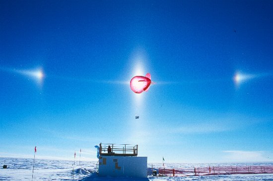 Halo around the sun (which itself is hidden behind an orange air ship). Halos are caused by ice crystals in the air, refracting sun light. Each halo looks different, depending on the shape and composition of the crystals. Halos at South Pole are most spectacular because the combination of low temperatures and wind forms snow crystals of ideal hexagonal shape buzzing in the air. The white ring on the photo goes through the sun in the middle, intersects with the halo around the sun forming two bright spots, and proceeds parallel to the horizon all around the celestial dome. So it can be seen even at the opposite side of the sun.
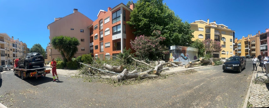 Vários carros danificados. Vento forte derrubou árvores em Carcavelos
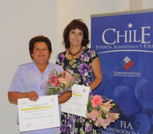 Laura Almendares, decana de la Facultad Tecnológica de la Universidad de Santiago, y Susana Tobar, agricultora de la zona de San Roberto en la Región de O’Higgins, fueron galardonadas con el Premio a la Mujer Innovadora 2010, que entrega la Fundación para la Innovación Agraria, FIA.
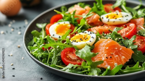 Fresh arugula salad with salmon, cherry tomatoes, and boiled eggs served in a bowl
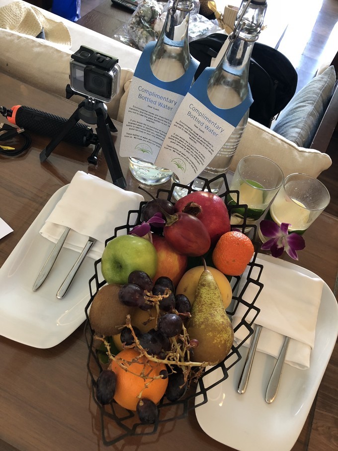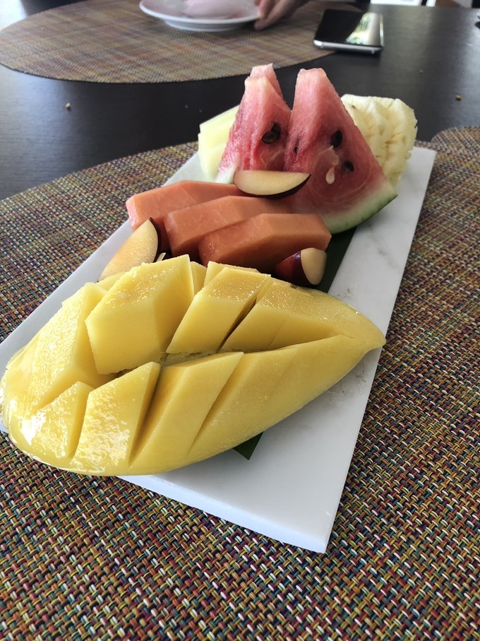 Day5 离别日,坎岛依然安排得非常非常周到。我们被安排下午四点离岛,早餐和午餐都是包含的,吃完早餐后去做了个spa,午餐最后点的水果没有来得及上,还给我们切好了打包成一小份一小份的,细节做的很好。最后中文GO蔡蔡把我们送上了水飞才回去。
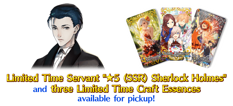 Until 2023-07-02 20:59 PDT(GMT -7), Limited Time Servant "★5 (SSR) Sherlock Holmes" and three Limited Time Craft Essences from 2019's "2nd Anniversary Singularity Pickup Summon (Daily)" will be available for pickup!
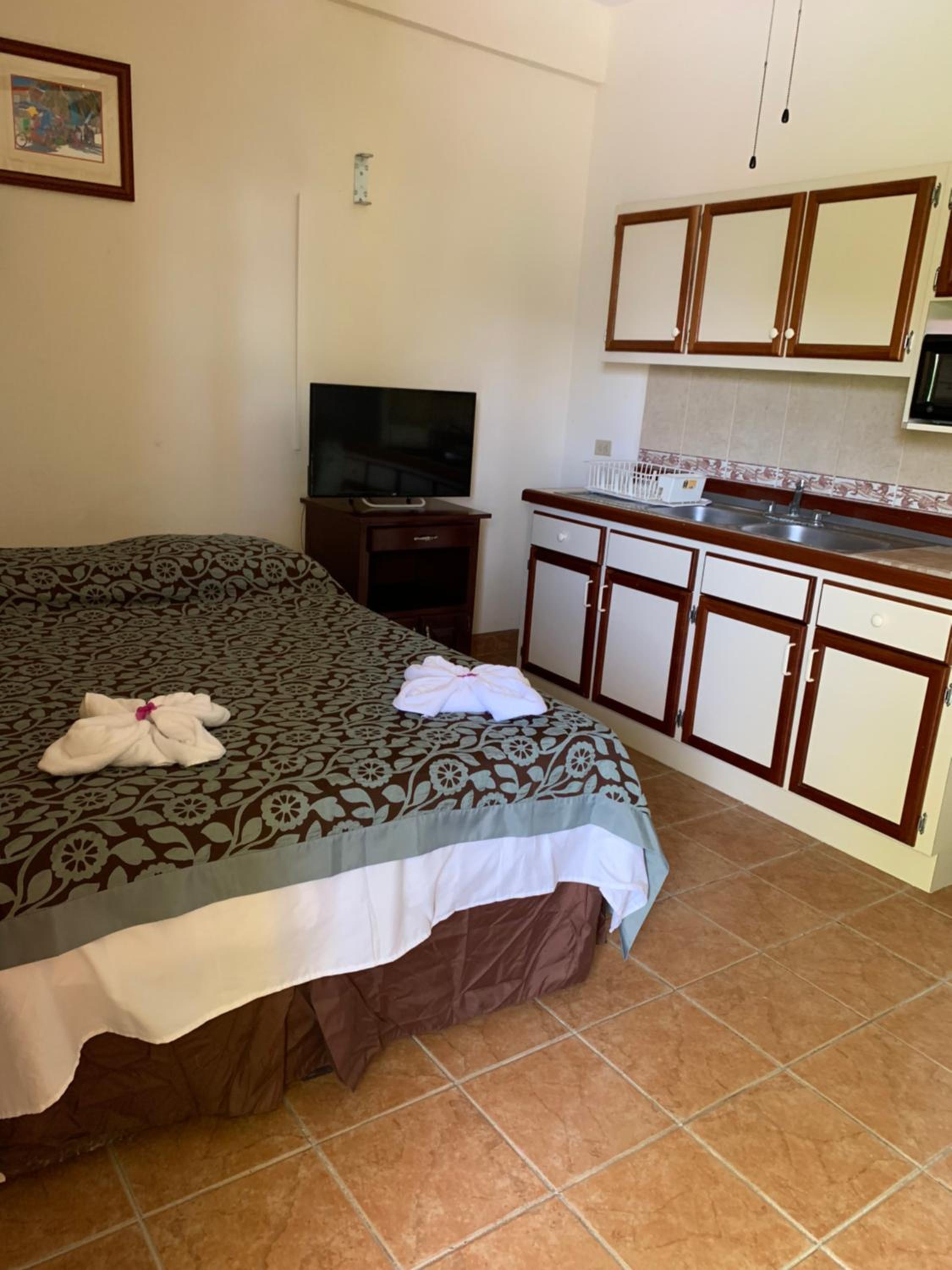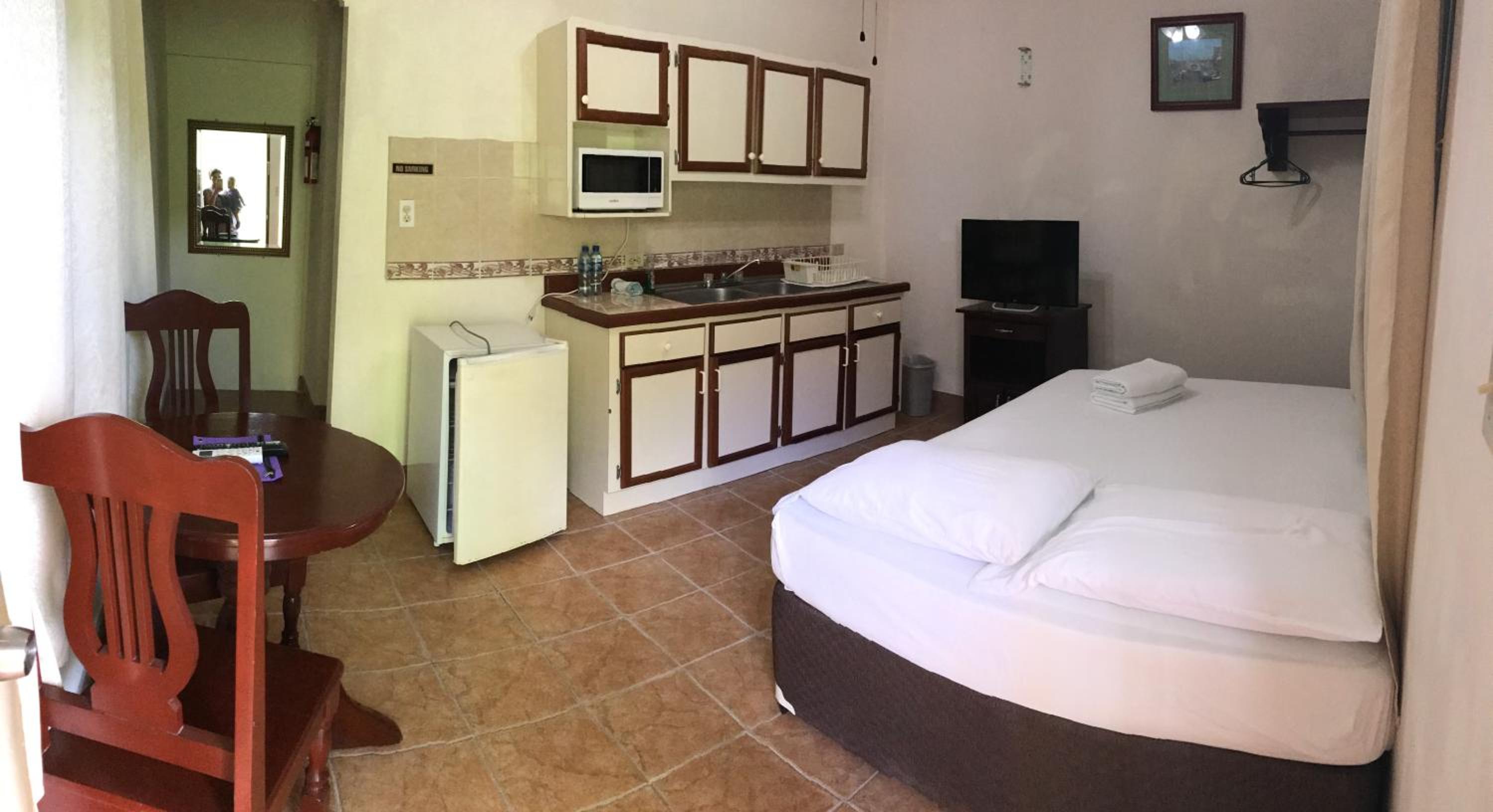 The bed was old and worn out. Didn't need or ask for a kitchenette, but at that price. I din't feel like I was paying a lot extra for it. Two people would have to share a shower to have enough hot water.
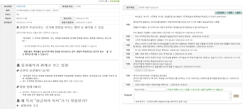 최근 북구청이 진행한 투표 독려 활동이 선거에 영향을 미치는 행위로 해석될 수 있다는 내용입니다.
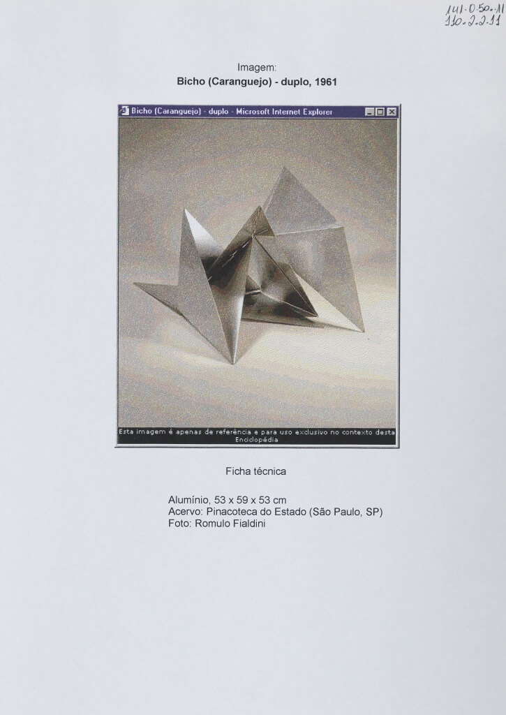 Pequeno relatório de pesquisa contendo histórico e trajetória de Lygia Clark com imagens. Autor desconhecido.
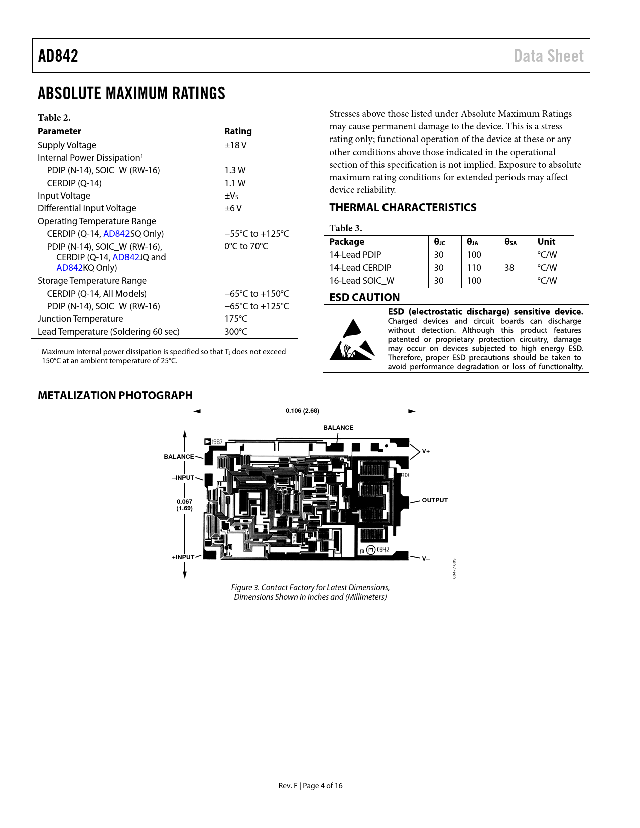 AD842 Data Sheet ABSOLUTE MAXIMUM RATINGS Table 2 Parameter Rating THERMAL CHARACTERISTICS Table 3 Package θJC θJA θSA Unit
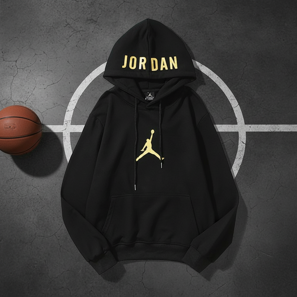 Air Jordan Black Hoodie with Iconic Jumpman Logo, Comfortable Pullover Sweatshirt for Sports and Streetwear Style

» INSTRUCTIONS TO FOLLOW: Reproduce all entries without any change, and omit the pictures.

» RESULT:
 Halo around the sun (which itself is hidden behind an orange air ship). Halos are caused by ice crystals in the air, refracting sun light. Each halo looks different, depending on the shape and composition of the crystals. Halos at South Pole are most spectacular because the combination of low temperatures and wind forms snow crystals of ideal hexagonal shape buzzing in the air. The white ring on the photo goes through the sun in the middle, intersects with the halo around the sun forming two bright spots, and proceeds parallel to the horizon all around the celestial dome. So it can be seen even at the opposite side of the sun.
 Vários carros danificados. Vento forte derrubou árvores em Carcavelos
 Laura Almendares, decana de la Facultad Tecnológica de la Universidad de Santiago, y Susana Tobar, agricultora de la zona de San Roberto en la Región de O’Higgins, fueron galardonadas con el Premio a la Mujer Innovadora 2010, que entrega la Fundación para la Innovación Agraria, FIA.
 Fresh arugula salad with salmon, cherry tomatoes, and boiled eggs served in a bowl
 Day5 离别日,坎岛依然安排得非常非常周到。我们被安排下午四点离岛,早餐和午餐都是包含的,吃完早餐后去做了个spa,午餐最后点的水果没有来得及上,还给我们切好了打包成一小份一小份的,细节做的很好。最后中文GO蔡蔡把我们送上了水飞才回去。
 Until 2023-07-02 20:59 PDT(GMT -7), Limited Time Servant "★5 (SSR) Sherlock Holmes" and three Limited Time Craft Essences from 2019's "2nd Anniversary Singularity Pickup Summon (Daily)" will be available for pickup!
 The bed was old and worn out. Didn't need or ask for a kitchenette, but at that price. I din't feel like I was paying a lot extra for it. Two people would have to share a shower to have enough hot water.
 최근 북구청이 진행한 투표 독려 활동이 선거에 영향을 미치는 행위로 해석될 수 있다는 내용입니다.
 Pequeno relatório de pesquisa contendo histórico e trajetória de Lygia Clark com imagens. Autor desconhecido.
 AD842 Data Sheet ABSOLUTE MAXIMUM RATINGS Table 2 Parameter Rating THERMAL CHARACTERISTICS Table 3 Package θJC θJA θSA Unit
 Air Jordan Black Hoodie with Iconic Jumpman Logo, Comfortable Pullover Sweatshirt for Sports and Streetwear Style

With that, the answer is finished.